Trump did not like what he heard.

“It was quite a phone call,” Fauci writes. “The president was irate, saying that I could not keep doing this to him. He said he loved me, but the country was in trouble, and I was making it worse.

“He added that the stock market went up only six hundred points in response to the positive phase 1 vaccine news and it should have gone up a thousand points and so I cost the country ‘one trillion fucking dollars.’

“I have a pretty thick skin,” Fauci writes, “but getting yelled at by the president of the United States, no matter how much he tells you that he loves you, is not fun.”

Fauci may risk angering Trump again not just by detailing the conversation but by saying Trump told him, via an intermediary, he was sorry. Trump is notoriously apology averse.

Fauci says he was “mystified” but “resolved not to let [the call] throw me off my game.”

Trump, however, “seemed to feel competitive” with Fauci, in terms of public profile and acceptance.

Eventually, Fauci describes “what turned out to be my last conversation with President Trump.”

At 9:30 a.m. on Sunday, Nov. 1, 2020, Fauci writes, he was at home when Trump called from Air Force One.

“Tony,” Trump said, “I really like you, and you know that, but what the fuck are you doing? You really need to be positive. You constantly drop bombs on me.”

Two days before Election Day, Trump was upset about Fauci telling The Washington Post that the U.S. was still “in for a whole lot of hurt.” The COVID case count was 9 million, with 230,000 dead.

“Everybody wants me to fire you,” Trump said. “But I am not going to fire you, you have too illustrious a career, but you have to be positive.
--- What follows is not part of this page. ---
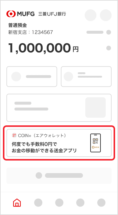 「三菱UFJ銀行」のスマートフォンアプリのトップ画面で銀行口座とCOIN+の残高を同時に確認できます。

The country cannot stay locked down.

“You have to give them hope… I like you, but so many people—not only in the White House, but throughout the country—hate you because of what you are doing.”

In his book, Fauci describes threats including the day he opened an envelope and was covered in white powder, leading to a terrifying wait before the all clear.

Trump was fixated on winning a second term. On Nov. 1, he continued: “I am going to win this election by a fucking landslide. Just wait and see. I always did things my way. And I always win, no matter what all these other fucking people think. And that fucker Biden. He is so fucking stupid. I am going to kick his fucking ass in this election.”

Trump eventually ended the 15-minute rant by saying, “Okay, Tony, I will see you in a couple of days. Take care.”

“Love me, love me not,” Fauci writes, dryly.

Anthony Fauci listens to Donald Trump speaking.

Anthony Fauci listens with Dr. Deborah Birx as Donald Trump speaks during a briefing, in March 2020.

The Washington Post/Getty

Three days later, Trump lost the election to Biden—but did not concede. Despite still being in office he did not speak to Fauci again.

Describing meetings with Biden, the president-elect, Fauci writes of “a no-nonsense person guided by integrity and empathy” who “clearly was in charge” and would eventually return the White House “to its pre-Trump normal,” despite deepening political schisms in the U.S. at large.

On Dec. 22, 2020, as Biden prepared to become president, Fauci went on TV—to receive the first COVID vaccine.

“An alcohol swab, a little pinch as the needle went in, a Band-Aid and it was done,” he writes. “It was two days before my eightieth birthday, and the knowledge millions of Americans would soon be vaccinated as I just had been was the best gift I could possibly imagine.”